Two sisters separated after an eruption in Colombia that killed over 20,000 people have been reunited after 30 years apart.

They were aged three and nine when the Tolima volcano erupted in November 1985, sending a river of mud and rocks over their town.

The authorities, who had been caring for them separately, thought they had been orphaned and put the sisters up for adoption.

They got back together Thursday after one of them, Jaqueline Vasquez Sanchez, watched a video on Facebook made by the Armando Armero Foundation.

It featured her younger sister, Lorena Sanchez, making an appeal for information about surviving family members.

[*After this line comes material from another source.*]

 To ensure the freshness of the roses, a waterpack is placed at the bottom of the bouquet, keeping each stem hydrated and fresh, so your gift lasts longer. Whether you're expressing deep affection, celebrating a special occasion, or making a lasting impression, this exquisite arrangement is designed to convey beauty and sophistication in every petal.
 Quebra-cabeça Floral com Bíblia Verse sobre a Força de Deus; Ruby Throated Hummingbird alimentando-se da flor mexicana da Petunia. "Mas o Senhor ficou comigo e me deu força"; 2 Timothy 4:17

Jaqueline got in touch with the foundation and it arranged for DNA tests that proved she and Lorena were siblings.

The two women, now aged 33 and 39 and with children of their own, said being reunited was wonderful -- but also nerve-wracking.

"It was beautiful and sad because it's been 30 years since the tragedy that I've come to find out what happened to my sister," said Lorena.

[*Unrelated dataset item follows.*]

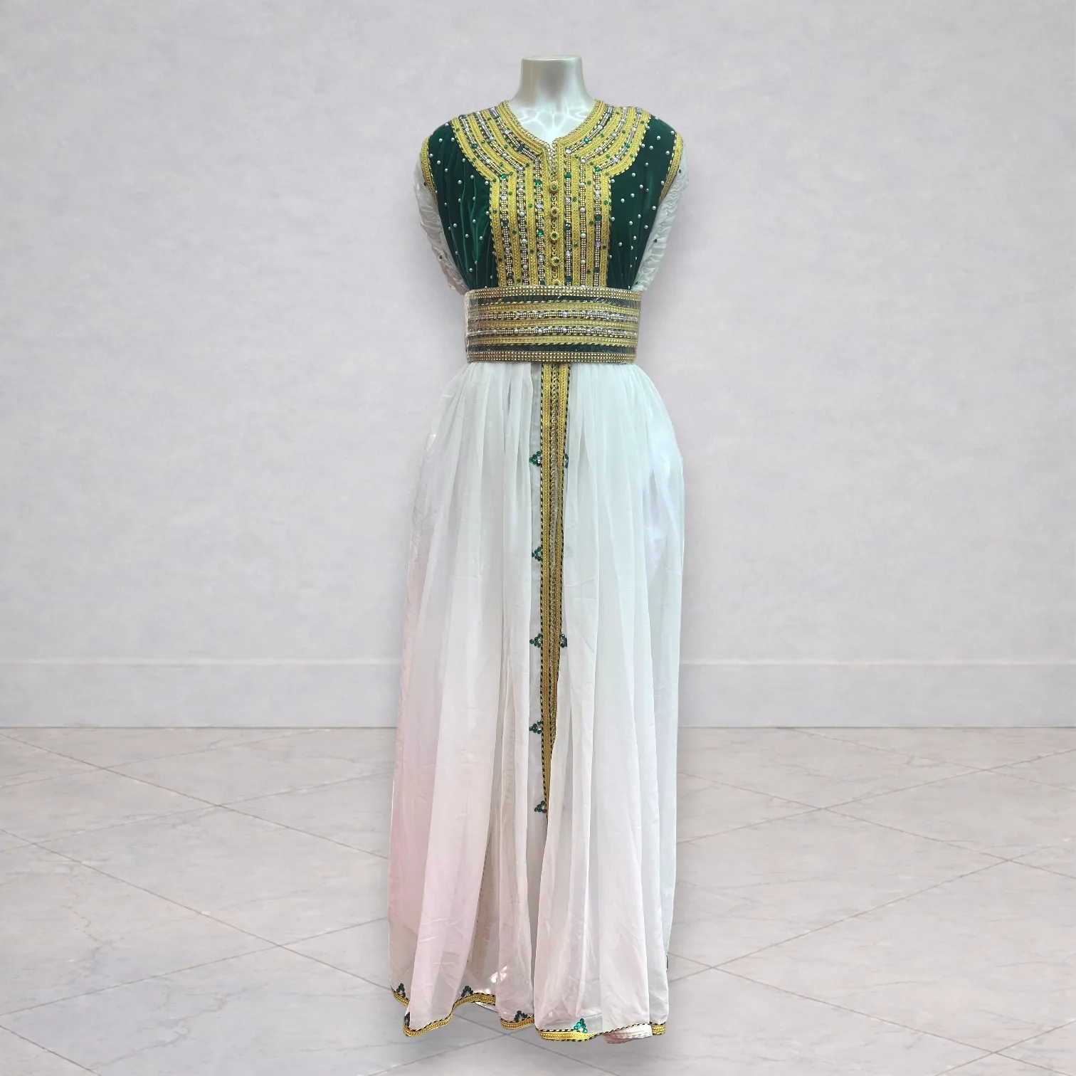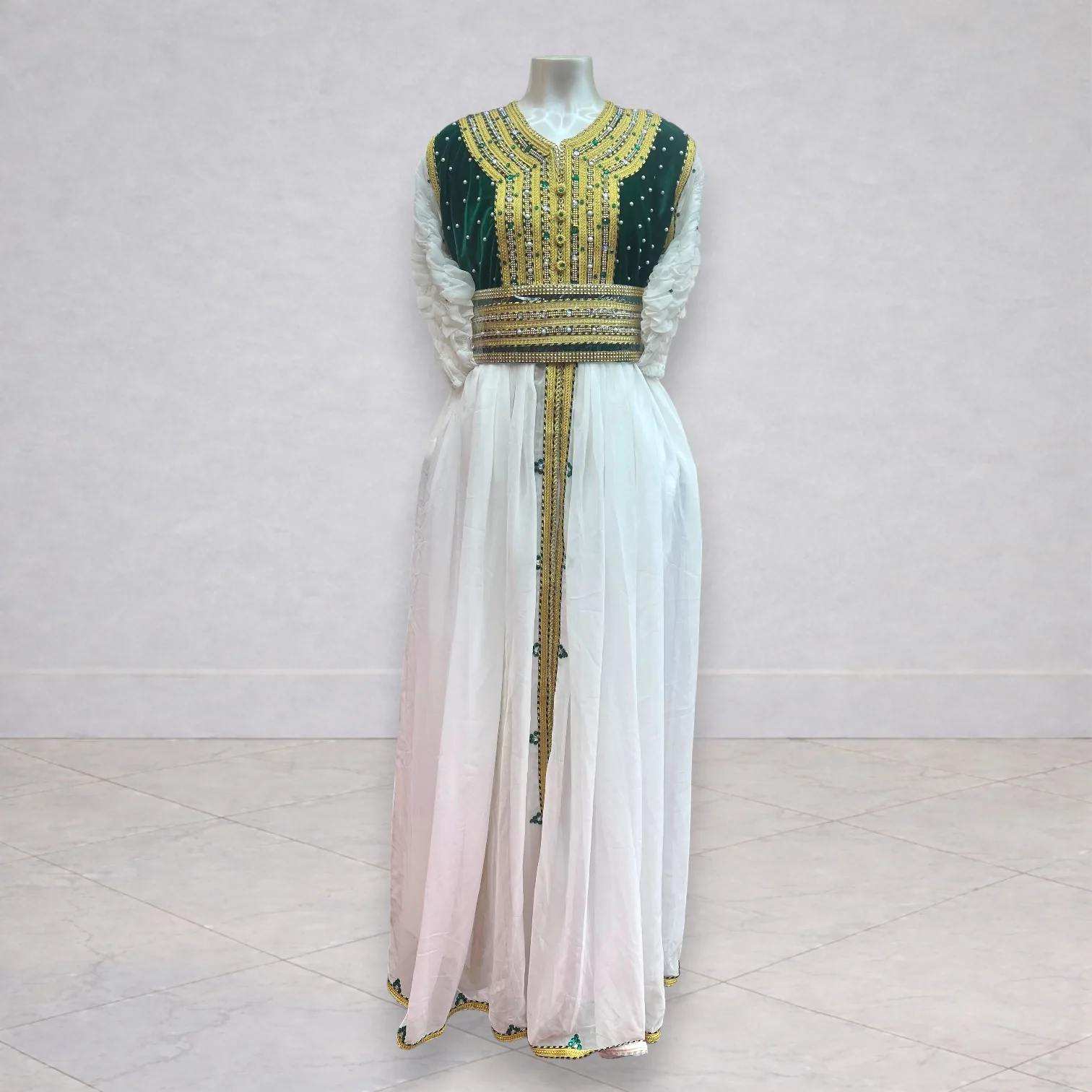 Cette robe blanche et verte se distingue par ses ornements dorés finement travaillés, mettant en valeur le contraste harmonieux entre les deux couleurs.

"So I have to catch up with 30 years of her life and she has to do the same with me."

Jaqueline said: "I'm excited, nervous, everything because suddenly, at the moment, you don't know if you're going to feel rejected or something.

"It's something that you find within this: joy, I wonder if she will love me. It's difficult, it's difficult to explain this moment."

The Armando Armero Foundation said it was the first time it had used DNA evidence to bring together Tolima victims.

Sadly, despite public appeals the sisters' parents have still not been traced.